Katani se releva, ouvrit les yeux. La nuit était froide mais tout était tranquille et serein autour d’elle comme partout dans Ephémia, elle le sentait. Comme chaque jour depuis qu’Amari avait fait don de sa vie et de sa magie, Ephémia coulait une existence sereine derrière le Voile.
Aldor la conforta dans sa conviction juste avant de faire vaciller ses certitudes.
« Tu es là… C’est le signal… Bientôt, tout changera. »
Katani ressentit alors une culpabilité immense. Les racines de l’Arbre se ressérèrent autour d’elle. Elle se trompait, lui murmura-t-il. Ce n’était pas de sa faute. Ephémia avait connu la paix et la sérénité, une merveilleuse période qui touchait à sa fin.
« Tu n’es pas responsable, petite Reine, ni moi. Nous sommes les étincelles qui garantissent que la lumière reviendra. »

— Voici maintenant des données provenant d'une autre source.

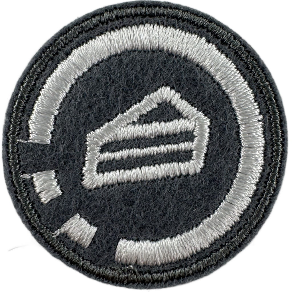 Sprawności harcerskie ZHR żeńskie o średnicy 30mm, haftowana białą nicią na szarym filcu.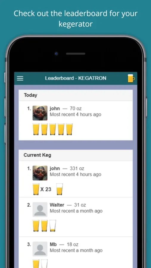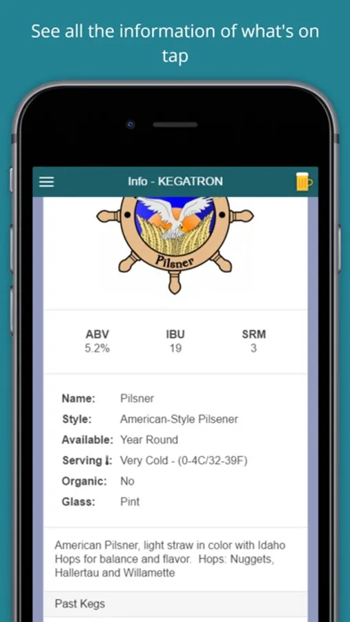 Previous Kegs - View all your past kegs for every tap. See historical data on who poured and when.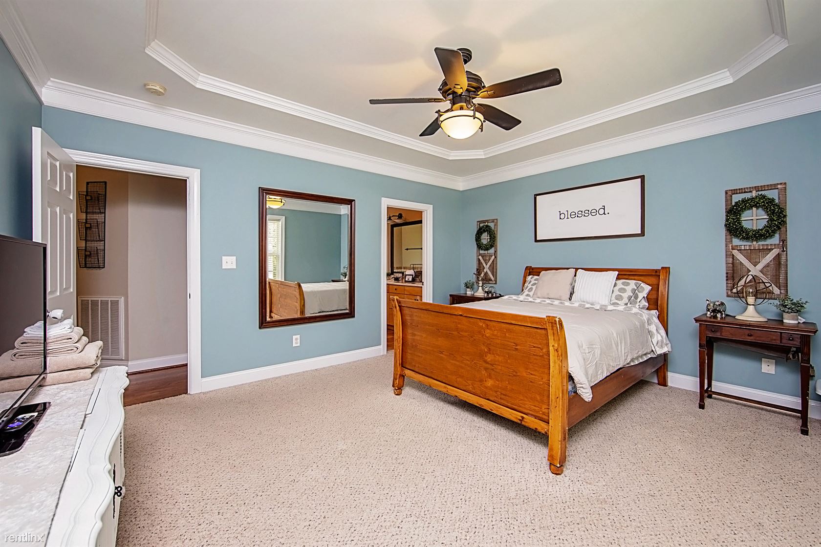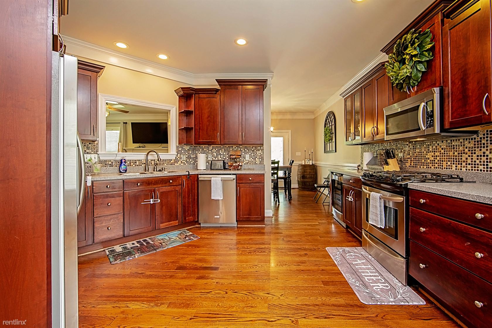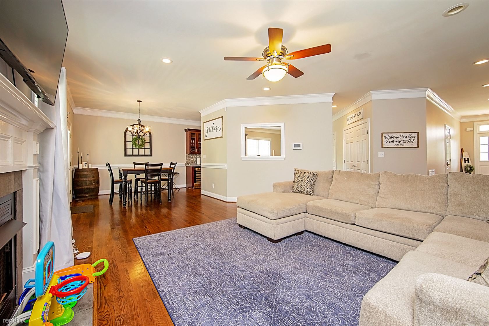 The property is tucked away onto a quiet cul-de-sac in a gated community near Wooded Lake and King's Grant Golf and Country Club. This home features 3 bedrooms, each with a closet and 2 bathrooms. The master bathroom includes a garden tub and a separate shower. Hardwood floors and stainless steel appliances are only a few of the lovely features. This home is pet friendly and has a huge, privacy-fenced backyard.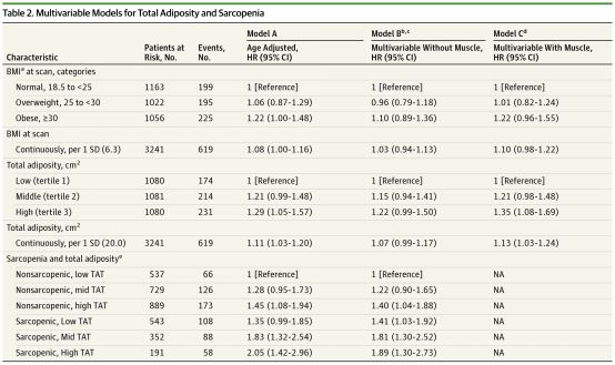 Association of Muscle and Adiposity Measured by Computed Tomography With Survival in Patients With Nonmetastatic Breast Cancer. JAMA Oncol. 2018 Apr 5. doi: 10.1001/jamaoncol.2018.0137.

Katani se recroquevillla sur elle-même, elle gémit doucement au cœur de la nuit ; Les branches du vieil Arbre gémirent de concert. Lui aussi ignorait s’il trouverait la force de survivre à la tempête de noirceur qui s’annonçait. Cependant, quand il avait vu arriver cette frêle jeune fille, juste habillée de sa volonté farouche, il avait enfin trouver en lui le désir d’essayer.
« Avec toi, je veux bien essayer ! »
Katani l’entendit. Elle ouvrit les yeux. Le jour se levait. Elle sortit de son nid de feuilles. Du haut du Tertre, une vue imprenable s’offrait sur le village et au pied des monts où régnait le Dévoreur. Elle ignora cette vue superbe pour explorer le bas du Tertre.
Il était là, comme elle l’espérait. Rafa !
À peine eut-elle poser les yeux sur lui qu’il se retourna pour lui sourire. La seconde suivante, il gravissait le Tertre pour la rejoindre.
Comment pourrait-elle lui raconter ce qu’Aldor avait partagé avec elle ? Ce qu’elle ressentait ?
Aldor lui répondit.
« Qu’il pose ses mains sur moi, je lui répondrais… »
Quand Rafa arriva près d’elle, elle le serra dans ses bras. Elle lui raconta qu’elle avait conversé avec l’Arbre.
- Veux-tu bien, toi aussi écouter son histoire ? lui demanda-t-elle avec appréhension. Il suffit que tu poses les mains sur son tronc.
- Les Crocs ne sont pas autorisés à faire cela…
- Aldor te l’autorise. Moi, je te le demande… S’il te plaît !
Rafa l’observa un instant puis aquiesça en silence. Il se dirigea ensuite vers l’Arbre pour y poser ses mains.
Katani s’adossa à Aldor avant de fermer les yeux. Elle suivit Rafa à la trace dans le labyrinthe des souvenirs d’Aldor.